Власов покачал головой.

– Ладно, барчук. Верю. Вот тебе, на игрушки. Утром нашел у ограды, когда последний обход делал.

В его морщинистой ладони матово блеснула жемчужина.

– Еще одна! – воскликнул я.

Лицо старика выразило недоумение.

– Сотский вчера точно такую же приносил! Тоже сказывал, что нашел возле леса!

Я взял у Власова жемчуг.

– Ты только дядьке своему ее не показывай. Мало ли что.

Тут со стороны дома послышался тетушкин голос, звавший меня завтракать. Я сунул жемчужину в карман и побежал домой, обещав вынести старику сахару.

Власов только махнул рукой:

– Ступай-ступай! Зачем мне твой сахар. Сам кушай.

***

За столом тетушка прервала молчание первой.

– Не понимаю я твоего дядю.

– Ивана Прокопьевича? – я был рад поводу не доедать кашу, – Почему же?

– В последнее время его словно подменили, – выдохнула она.

Антонина Григорьевна сидела как истукан, выпрямив спину и уставившись в одну точку. Она даже не притронулась к своей тарелке, и ее порция овсянки почти остыла.

– Стал резким и вспыльчивым. Замкнутым стал, будто скрывает от меня что-то.

– Какие могут быть тайны!

Я сделал серьезное лицо, незаметно отодвигая от себя тарелку с противной овсянкой.

– Мне так кажется. Много лет назад, до переезда в имение, я знала его совершенно другим человеком. Скромным, отзывчивым. Он предугадывал каждое мое желание. И мы всегда понимали друг друга.

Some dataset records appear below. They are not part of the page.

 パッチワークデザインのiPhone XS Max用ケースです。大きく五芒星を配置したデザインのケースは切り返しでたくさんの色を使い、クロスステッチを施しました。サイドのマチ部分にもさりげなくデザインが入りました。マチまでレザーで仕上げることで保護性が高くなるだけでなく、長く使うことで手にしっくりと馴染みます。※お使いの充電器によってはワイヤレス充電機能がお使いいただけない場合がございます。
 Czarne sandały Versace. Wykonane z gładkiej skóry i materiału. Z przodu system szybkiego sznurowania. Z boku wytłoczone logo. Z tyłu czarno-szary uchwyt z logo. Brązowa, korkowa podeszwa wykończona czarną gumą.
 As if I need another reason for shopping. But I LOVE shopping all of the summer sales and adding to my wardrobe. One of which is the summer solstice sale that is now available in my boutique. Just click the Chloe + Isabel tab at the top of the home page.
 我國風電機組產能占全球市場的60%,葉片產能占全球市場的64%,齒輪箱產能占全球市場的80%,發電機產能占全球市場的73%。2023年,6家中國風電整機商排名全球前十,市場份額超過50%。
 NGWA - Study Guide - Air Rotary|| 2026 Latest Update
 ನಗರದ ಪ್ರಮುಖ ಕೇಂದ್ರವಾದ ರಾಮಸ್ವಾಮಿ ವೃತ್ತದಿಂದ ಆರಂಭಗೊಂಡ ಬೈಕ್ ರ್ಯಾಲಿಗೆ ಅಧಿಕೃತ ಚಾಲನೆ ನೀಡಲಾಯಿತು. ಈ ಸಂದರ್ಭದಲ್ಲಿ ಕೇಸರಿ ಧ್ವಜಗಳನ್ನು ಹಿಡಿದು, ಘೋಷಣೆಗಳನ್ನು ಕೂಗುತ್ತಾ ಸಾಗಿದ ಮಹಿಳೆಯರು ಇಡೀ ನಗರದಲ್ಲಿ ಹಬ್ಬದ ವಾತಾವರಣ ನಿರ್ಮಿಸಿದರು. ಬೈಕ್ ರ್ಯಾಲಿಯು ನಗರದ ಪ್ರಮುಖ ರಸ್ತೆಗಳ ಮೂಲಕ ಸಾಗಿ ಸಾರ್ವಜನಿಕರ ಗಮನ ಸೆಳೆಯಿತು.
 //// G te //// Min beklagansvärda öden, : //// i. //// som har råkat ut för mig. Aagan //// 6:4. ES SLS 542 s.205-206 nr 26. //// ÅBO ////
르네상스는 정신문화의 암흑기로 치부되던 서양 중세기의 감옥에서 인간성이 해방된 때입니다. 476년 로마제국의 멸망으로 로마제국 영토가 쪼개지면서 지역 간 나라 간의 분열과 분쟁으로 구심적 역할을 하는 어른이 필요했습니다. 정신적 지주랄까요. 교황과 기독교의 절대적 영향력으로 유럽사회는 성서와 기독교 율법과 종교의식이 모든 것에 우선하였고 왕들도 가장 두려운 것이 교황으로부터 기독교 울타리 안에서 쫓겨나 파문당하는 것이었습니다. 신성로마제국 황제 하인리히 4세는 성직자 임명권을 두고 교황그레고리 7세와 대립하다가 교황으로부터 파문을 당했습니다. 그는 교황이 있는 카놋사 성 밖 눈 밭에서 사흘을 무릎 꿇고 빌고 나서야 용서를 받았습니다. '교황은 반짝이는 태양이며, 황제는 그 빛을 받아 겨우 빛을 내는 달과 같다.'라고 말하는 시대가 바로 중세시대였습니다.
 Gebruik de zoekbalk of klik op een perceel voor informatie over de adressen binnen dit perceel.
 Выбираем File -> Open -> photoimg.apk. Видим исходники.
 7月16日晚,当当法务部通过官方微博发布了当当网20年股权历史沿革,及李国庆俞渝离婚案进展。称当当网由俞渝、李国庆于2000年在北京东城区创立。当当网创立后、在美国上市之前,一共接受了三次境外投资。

– Что же случилось? – я косился в окно, стараясь разглядеть, чем там занимается Власов.

Тетушка пожала плечами.

– Знаю! – воскликнул я, – Во всем виноваты зайцы!

– Зайцы? Фи! Эти маленькие, беззащитные животные…

Громкий треск ломающихся веток отвлек нас от разговора.

Мы бросились к окну. Весь сад был заполнен зайцами. Они прыгали от яблони к яблоне, поедая с деревьев горькую кору и нижние ветки, до которых могли дотянуться. Тетушкины клумбы, с повторно высаженными цветами. Кусты ежевики и смородины. Даже кусты одичавшего шиповника, что когда-то числились розами. В общем, все, что цвело и произрастало, было варварски уничтожаемо в эти минуты бессовестными тварями. Зайцев было так много, что они, буквально, прыгали друг дружке по головам, пытаясь поближе пробраться к лакомым кускам растительности. Те, кому не досталось еды, кажется грызли засохшие прутья ивовой изгороди.

– Боже мой! Что твориться! – воскликнула в ужасе тетя.

– Власов! Власов! – завопил я, пытаясь дозваться нашего сторожа.

 

Мы стали звать старика хором. Тщетно. Собаки, запертые в вольере, бешено лаяли и бросались на сетку, но никто другой не откликался на наши призывы. Лишь некоторые зайцы поводили ушами и поворачивали головы, на секунду отвлекшись от увлекательного занятия.

Я стал кидать в грызунов что ни попадя и кричать: кыш! подите все прочь! Но и это не принесло результатов. Зайцы не обращали на мои жалкие потуги никакого внимания. Они прыгали уже под самыми окнами.

– Постой! – вспомнила тетушка, – У нас же есть револьвер!

– Правда!

Вскоре бесстрашная женщина стояла у раскрытого окна, широко расставив ноги, и держа на вытянутых руках Смит-и-Вессон.

– Иван Прокопьевич когда-то учил меня им пользоваться. Мы стреляли по бутылочкам. Зажми уши.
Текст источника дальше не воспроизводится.